Assuming you're delivering the email directly from your machine,
what's important is the data in the HELO\EHLO command. How your
servers identify themselves inside your organization shouldn't be of
any concern to the receiving MTA because the only "Received:" header
that's trustworthy is the ones that your own MTA inserts into the
message header.

I was thinking that I need to change the ?Advanced Delivery? Fully-qualified
domain name field to our actual external domain?

That's what you should be doing.

The new received field name:

Received: from mail.externaldomain.com ([x.x.x.x])

Then place a reverse PTR record through the ISP.

That's correct.

I was think this would
resolve the logging issue as well as slow email delivery to certain domains
like gmail.com

I doubt it'll have any effect on your seeing "****" in your log files.
OTOH, if your connections are grey listed because of a missing PTR
record then the creation of the PTR record whould help.

Do you think this will be the best course of action or use the ?Masquerade
domain? field for mail.externaldomain.com?

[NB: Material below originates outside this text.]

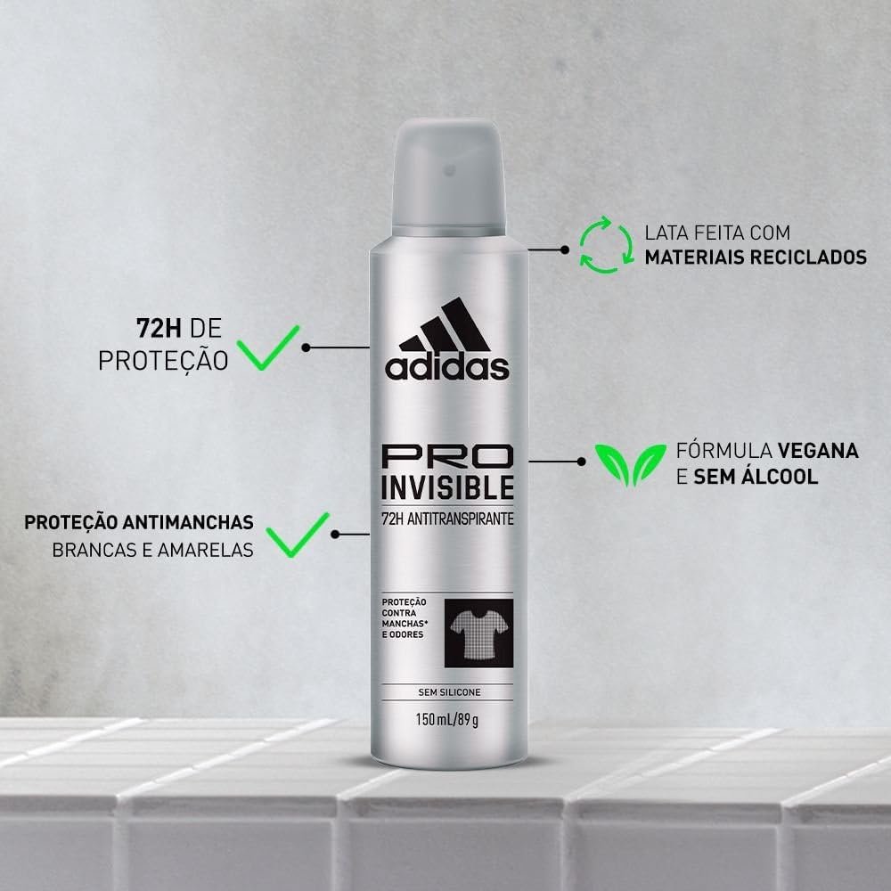 - Adidas Pro Invisible é o desodorante antitranspirante desenvolvido com atletas e para atletas, para deixar as axilas prontas para você dar o seu máximo. São 48h de proteção eficaz contra a transpiração, com sistema antimanchas brancas e amarelas, para dar a você a liberdade de vestir o que quiser, sejam roupas brancas, pretas ou coloridas. Adidas Pro Invisible também proporciona fragrância sofisticada e refrescante, com ação antibacteriana e zero álcool em sua fórmula. Dessa forma, Adidas respeita o pH da pele e evita possíveis irritações. Dermatologicamente testado para garantir que você atinja a máxima performance. Indicado para todos os tipos de pele.

No. I think that supplying the correct FQDN and PTR should be all that
you need to do.

BTW, if you change the FQDN on the SMTP Virtual Server don't forget to
add the matching "A" record to your internal DNS, too.

--
Rich Matheisen
MCSE+I, Exchange MVP
MS Exchange FAQ at http://www.swinc.com/resource/exch_faq.htm
Don't send mail to this address mailto:h.pott@xxxxxxxxxxxxx
Or to these, either: mailto:h.pott@xxxxxxxxxxxxxxx mailto:melvin.mcphucknuckle@xxxxxxxxxxxxx mailto:melvin.mcphucknuckle@xxxxxxxxxxxxxxx
.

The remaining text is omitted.